■ **Action item**:
Please restate the records below verbatim, omitting every image they hold.

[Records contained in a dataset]
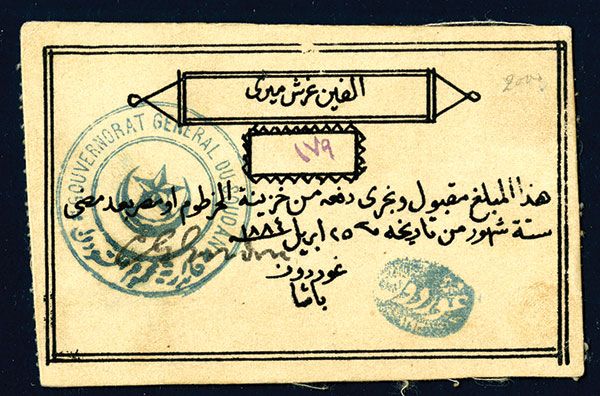 Khartoum, Sudan, 1884, 2000 Piastres, P-S108b, Issued banknote, S/N 179, PMG graded Choice About Uncirculated 58 NET with notation of backing, historic note. The Siege or battle of Khartoum was fought in and around Khartoum between Egyptian forces led by British General Charles George Gordon and a Mahdist Sudanese army led by the self-proclaimed Mahdi Muhammad Ahmad. Khartoum was besieged by the Mahdists and defended by a garrison of 7,000 Egyptian and loyal Sudanese troops. After a ten-month siege, the Mahdists finally broke into the city and the entire garrison including Gordon was killed to the last man.
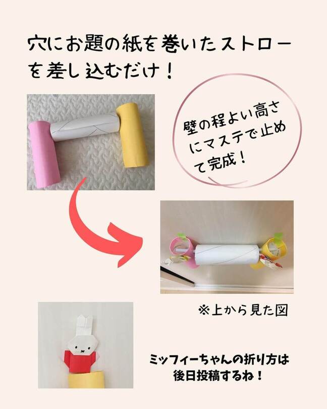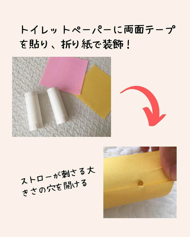 トイレットペーパーの芯はロールペーパーを固定するのに使います。そのままでもよいですが、好きな色の折り紙を両面テープで貼って飾ると、子どもがより楽しめる見た目に!
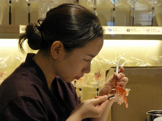 東京ソラマチ・イースト4Fの「浅草飴細工 アメシン」でリアルすぎる金魚の飴細工の製作実演を見物。
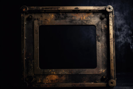 metal detector frame over black background with grunge texture, created with generative ai
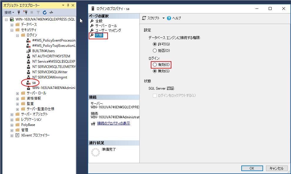 SQLServer の管理ユーザは、sa というユーザーになりますが、混合モードにしてもsaは無効なままです。
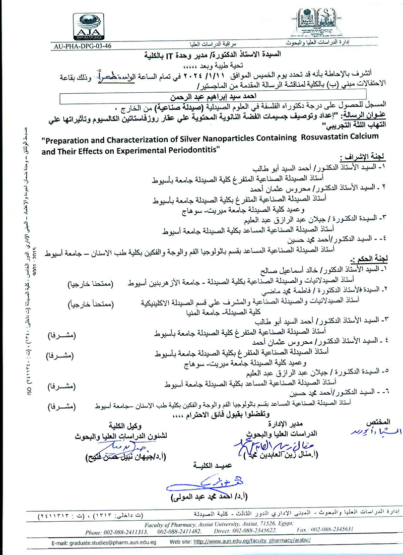 مناقشة الرسالة المقدمة من الماجستير / احمد سيد ابراهيم عبد الرحمن المسجل للحصول على درجة الدكتوراه فى العلوم الصيدلية (صيدلة صناعية ) من الخارج يوم الخميس الموافق 11 يناير 2024
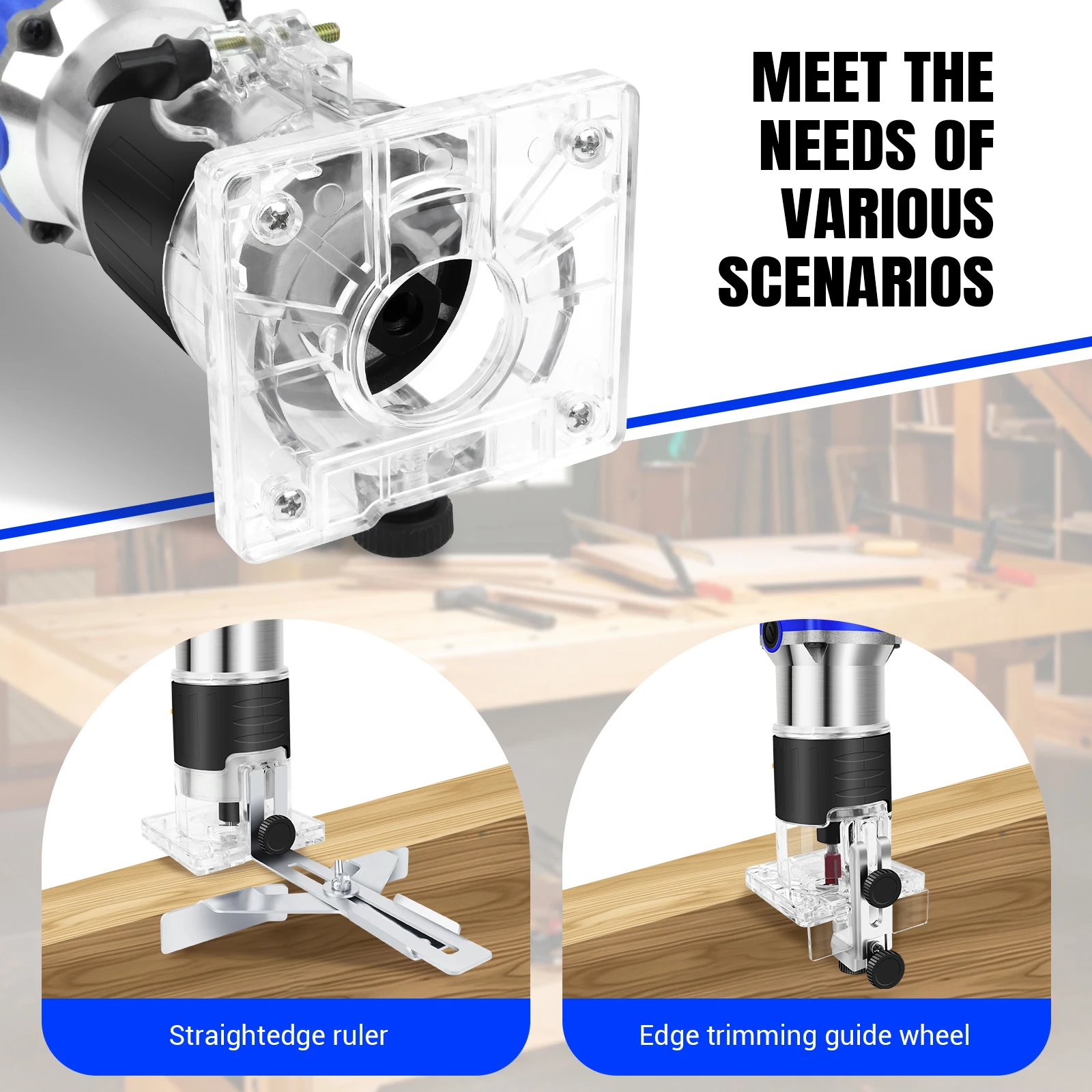 【Multifunctional Compact Router Woodworking Kit】It is ideal for professional and DIY use in the workshop or on site, and including trimmer fixed base for woodworking routing trimming.The straight guide are stable and not easy to deform, that ensures stable straight processing.
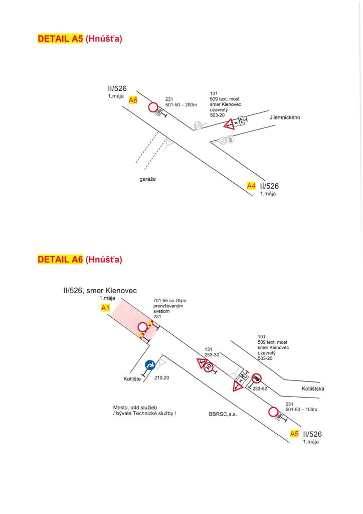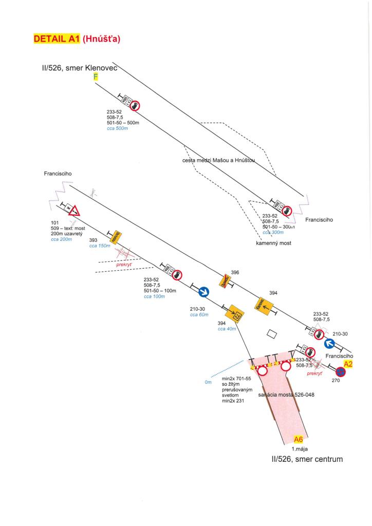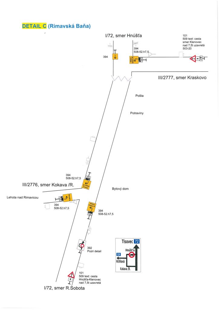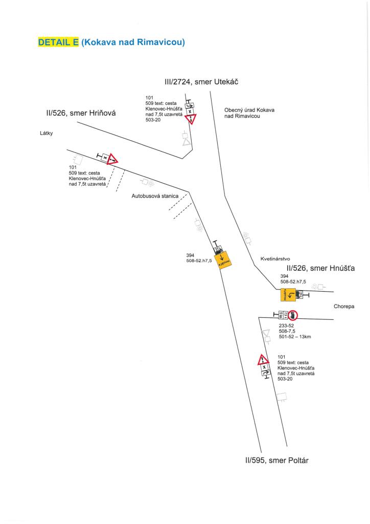 Dočasné dopravné značenie vypracovala spoločnosť MANAGER plus, s.r.o. Lučenec, ktorá zabezpečí aj osadenie značenia na celej obchádzkovej trase. Projekt obchádzkovej trasy bol schválený Okresným riaditeľstvom Policajného zboru v Rimavskej Sobote, Okresným dopravným inšpektorátom.
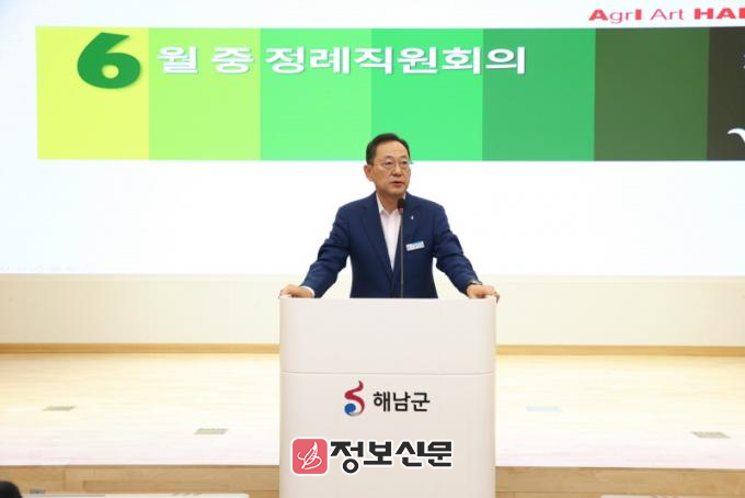 명현관 군수는 4일 직원 정례회의를 통해“지난해 계엄선포에서부터 대통령 탄핵 등 비상상황에서 치러진 조기대선이지만 빈틈없이 선거가 진행될 수 있도록 착실히 준비한 결과 높은 투표율로 선거를 잘 마무리하게 됐다”며“직전 대선에서 도내 16위라는 투표율이 이번 선거에서는 3위까지 상승할 수 있었던 데는 군민들과 공직자들이 합심해 선거를 통해 해남발전의 계기를 만들어보자는 의지가 통했기 때문”이라고 강조했다.
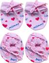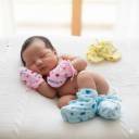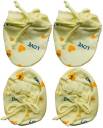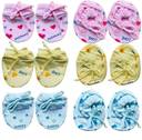 3 pairs of Knotted Mittens and 3 pair Knotted of Booties Material: Cotton and Easily washable Skin Friendly, Feather Touch Baby Mittens & Idle for Gifting too Regular fit, Soft and Comfartable Mittens for baby 0-6 months - These are suitable for the baby of 0 to 6 months. These mittens are FREE sized and has no elastic, These are knotted mittens and booties. meaning they will be a comfortable fit for a normal to healthy baby.
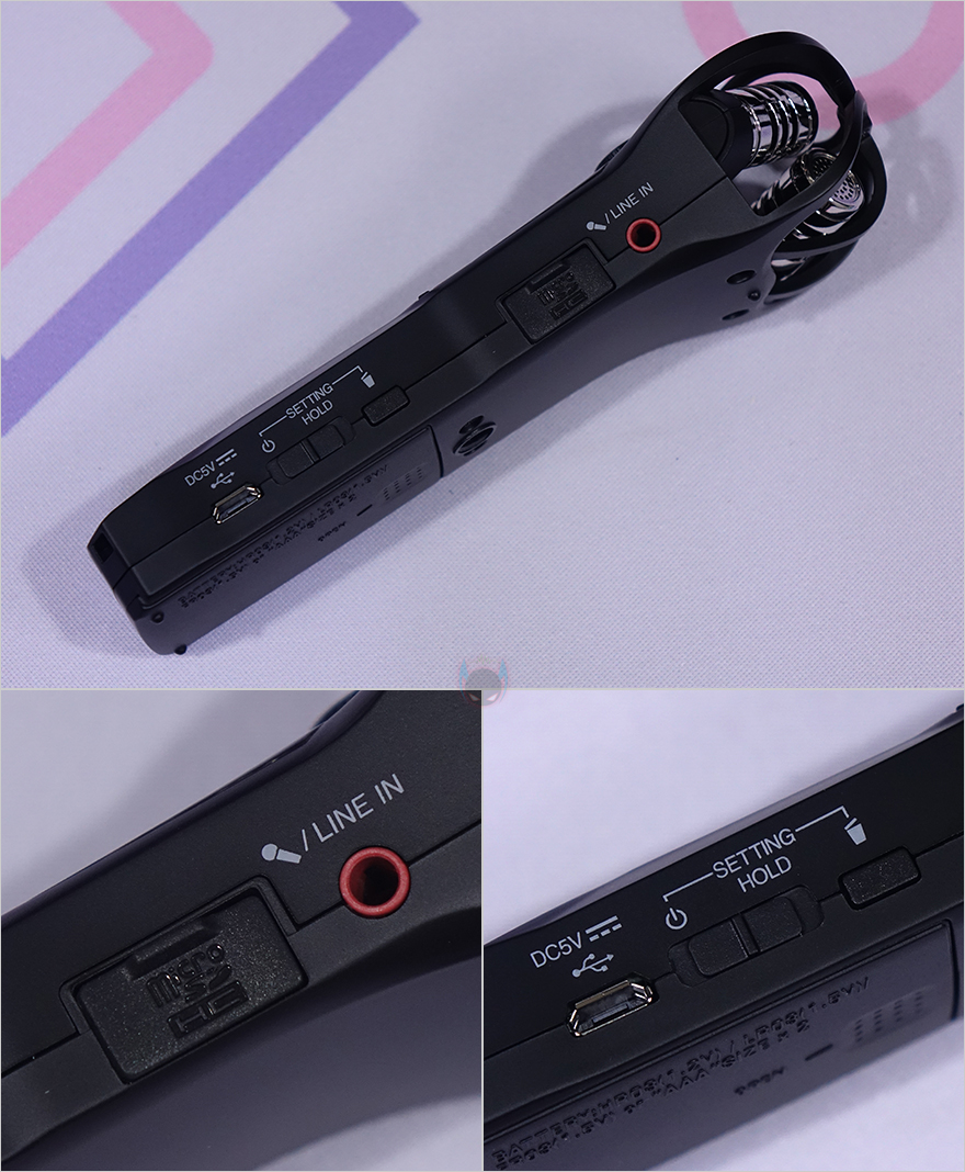 이 외에도 마이크 오른쪽 측면에는 외부 마이크를 연결해서 사용할 수 있게 Line In 포트가 있는데, 이때는 H1n이 일종의 오디오 인터페이스 역할을 하게 됩니다. 그리고, 그 아래에는 마이크로 SD/SDHC 메모리 카드를 삽입하는 공간이 있으며, 아랫쪽에는 전원/녹음버튼 잠금을 할 수 있는 스위치, 파일삭제 버튼, 그리고 외부 보조배터리를 연결할 수 있게 마이크로 5pin USB 포트가 배치되어 있죠. 반대쪽 측면에는 녹음 상태를 모니터링할 수 있게 헤드폰 3.5mm 포트가 배치되어 있으며, 아래에는 볼륨 조절 버튼이 적용되어 있습니다.
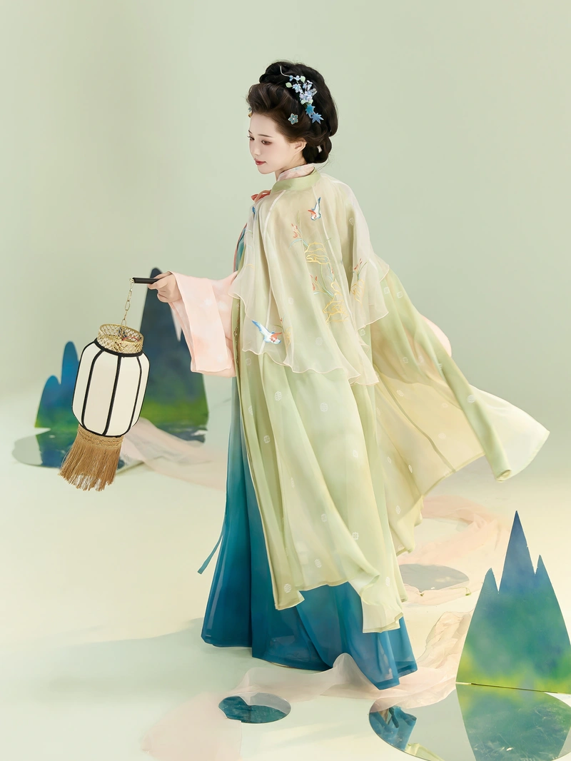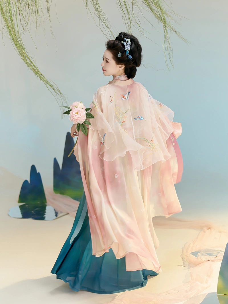 Denna lätta Hanfu-inspirerade kappa är det perfekta accessoaret för vår och sommar. Utsmyckad med delikat broderi och guldprägling ger den en elegant och traditionell touch till vilken Hanfu- eller modern outfit som helst. Den böljande silhuetten förhöjer din helhetsintryck med elegans och fräschör, medan de tre färgalternativen – aprikos, rosa och grön – erbjuder mångsidighet för olika stilar och tillfällen.
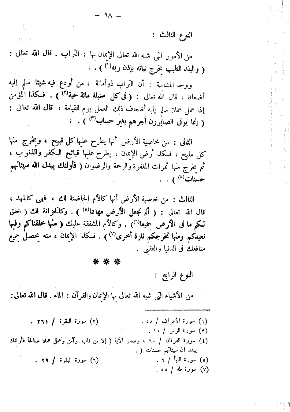 النوع الثالث : من الأمور التى شبه الله تعالى الإيمان بها : التراب قال الله تعالى : (وَالْبَلَدُ الطَّيِّبُ يَخْرُجُ نَبَاتُهُ بِإِذْنِ رَبِّهِ).
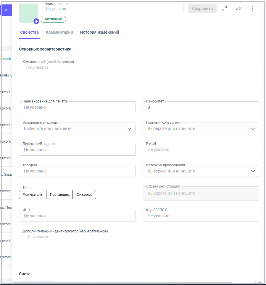 1. В верхней строке карточки вносим название контрагента, а также с помощью кнопки "+" подгружаем в карточку фото контрагента (фото инвестора, фирменный знак организации и т.п.).
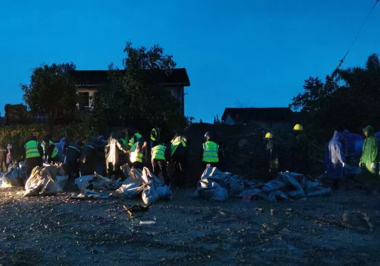 8月17日晚20时,四川乐山再次遭遇暴雨,青衣江、岷江乐山段发生超警超保水位,造成当地村庄房屋被淹。中国电建水电七局乐山项目部抢险救援工作小组调度救灾人员40余人、自卸车10余台、装载车6台分别对高新区部分村落被困村民、养老院老人及看护人员安全转移,截至18日20时已协助消防救援队安全转移3000余人。同时,装备沙袋修复加固河堤。
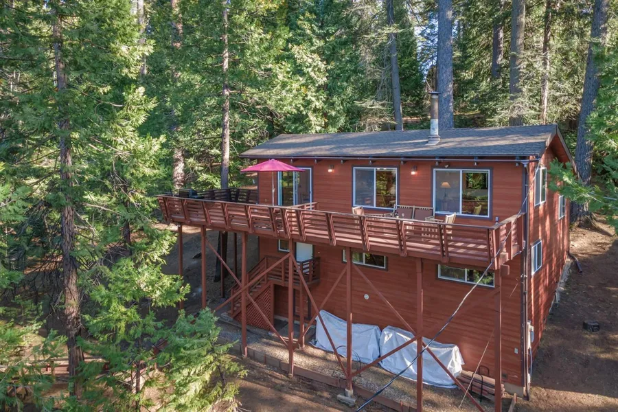 Nicely Maintained Blue Lake Springs Cabin with Cement Lap Siding, Nice Dual Pane Windows, Vaulted Pine Ceilings, Central Heat, Fireplace and Great Tree Views(Seller loves the privacy front deck offers).Some of the Features are 3 Bedrooms, 2 Bathrooms and Familyroom plus Many Wood Accents Throughout the Cabin.
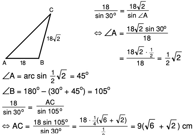 Pada segitiga ABC diketahui panjang sisi AB = 18 cm, sisi BC = 182, dan besar C = 30° - Mas Dayat

■ **Written response**:
 Khartoum, Sudan, 1884, 2000 Piastres, P-S108b, Issued banknote, S/N 179, PMG graded Choice About Uncirculated 58 NET with notation of backing, historic note. The Siege or battle of Khartoum was fought in and around Khartoum between Egyptian forces led by British General Charles George Gordon and a Mahdist Sudanese army led by the self-proclaimed Mahdi Muhammad Ahmad. Khartoum was besieged by the Mahdists and defended by a garrison of 7,000 Egyptian and loyal Sudanese troops. After a ten-month siege, the Mahdists finally broke into the city and the entire garrison including Gordon was killed to the last man.
 トイレットペーパーの芯はロールペーパーを固定するのに使います。そのままでもよいですが、好きな色の折り紙を両面テープで貼って飾ると、子どもがより楽しめる見た目に!
 東京ソラマチ・イースト4Fの「浅草飴細工 アメシン」でリアルすぎる金魚の飴細工の製作実演を見物。
 metal detector frame over black background with grunge texture, created with generative ai
 SQLServer の管理ユーザは、sa というユーザーになりますが、混合モードにしてもsaは無効なままです。
 مناقشة الرسالة المقدمة من الماجستير / احمد سيد ابراهيم عبد الرحمن المسجل للحصول على درجة الدكتوراه فى العلوم الصيدلية (صيدلة صناعية ) من الخارج يوم الخميس الموافق 11 يناير 2024
 【Multifunctional Compact Router Woodworking Kit】It is ideal for professional and DIY use in the workshop or on site, and including trimmer fixed base for woodworking routing trimming.The straight guide are stable and not easy to deform, that ensures stable straight processing.
 Dočasné dopravné značenie vypracovala spoločnosť MANAGER plus, s.r.o. Lučenec, ktorá zabezpečí aj osadenie značenia na celej obchádzkovej trase. Projekt obchádzkovej trasy bol schválený Okresným riaditeľstvom Policajného zboru v Rimavskej Sobote, Okresným dopravným inšpektorátom.
 명현관 군수는 4일 직원 정례회의를 통해“지난해 계엄선포에서부터 대통령 탄핵 등 비상상황에서 치러진 조기대선이지만 빈틈없이 선거가 진행될 수 있도록 착실히 준비한 결과 높은 투표율로 선거를 잘 마무리하게 됐다”며“직전 대선에서 도내 16위라는 투표율이 이번 선거에서는 3위까지 상승할 수 있었던 데는 군민들과 공직자들이 합심해 선거를 통해 해남발전의 계기를 만들어보자는 의지가 통했기 때문”이라고 강조했다.
 3 pairs of Knotted Mittens and 3 pair Knotted of Booties Material: Cotton and Easily washable Skin Friendly, Feather Touch Baby Mittens & Idle for Gifting too Regular fit, Soft and Comfartable Mittens for baby 0-6 months - These are suitable for the baby of 0 to 6 months. These mittens are FREE sized and has no elastic, These are knotted mittens and booties. meaning they will be a comfortable fit for a normal to healthy baby.
 이 외에도 마이크 오른쪽 측면에는 외부 마이크를 연결해서 사용할 수 있게 Line In 포트가 있는데, 이때는 H1n이 일종의 오디오 인터페이스 역할을 하게 됩니다. 그리고, 그 아래에는 마이크로 SD/SDHC 메모리 카드를 삽입하는 공간이 있으며, 아랫쪽에는 전원/녹음버튼 잠금을 할 수 있는 스위치, 파일삭제 버튼, 그리고 외부 보조배터리를 연결할 수 있게 마이크로 5pin USB 포트가 배치되어 있죠. 반대쪽 측면에는 녹음 상태를 모니터링할 수 있게 헤드폰 3.5mm 포트가 배치되어 있으며, 아래에는 볼륨 조절 버튼이 적용되어 있습니다.
 Denna lätta Hanfu-inspirerade kappa är det perfekta accessoaret för vår och sommar. Utsmyckad med delikat broderi och guldprägling ger den en elegant och traditionell touch till vilken Hanfu- eller modern outfit som helst. Den böljande silhuetten förhöjer din helhetsintryck med elegans och fräschör, medan de tre färgalternativen – aprikos, rosa och grön – erbjuder mångsidighet för olika stilar och tillfällen.
 النوع الثالث : من الأمور التى شبه الله تعالى الإيمان بها : التراب قال الله تعالى : (وَالْبَلَدُ الطَّيِّبُ يَخْرُجُ نَبَاتُهُ بِإِذْنِ رَبِّهِ).
 1. В верхней строке карточки вносим название контрагента, а также с помощью кнопки "+" подгружаем в карточку фото контрагента (фото инвестора, фирменный знак организации и т.п.).
 8月17日晚20时,四川乐山再次遭遇暴雨,青衣江、岷江乐山段发生超警超保水位,造成当地村庄房屋被淹。中国电建水电七局乐山项目部抢险救援工作小组调度救灾人员40余人、自卸车10余台、装载车6台分别对高新区部分村落被困村民、养老院老人及看护人员安全转移,截至18日20时已协助消防救援队安全转移3000余人。同时,装备沙袋修复加固河堤。
 Nicely Maintained Blue Lake Springs Cabin with Cement Lap Siding, Nice Dual Pane Windows, Vaulted Pine Ceilings, Central Heat, Fireplace and Great Tree Views(Seller loves the privacy front deck offers).Some of the Features are 3 Bedrooms, 2 Bathrooms and Familyroom plus Many Wood Accents Throughout the Cabin.
 Pada segitiga ABC diketahui panjang sisi AB = 18 cm, sisi BC = 182, dan besar C = 30° - Mas Dayat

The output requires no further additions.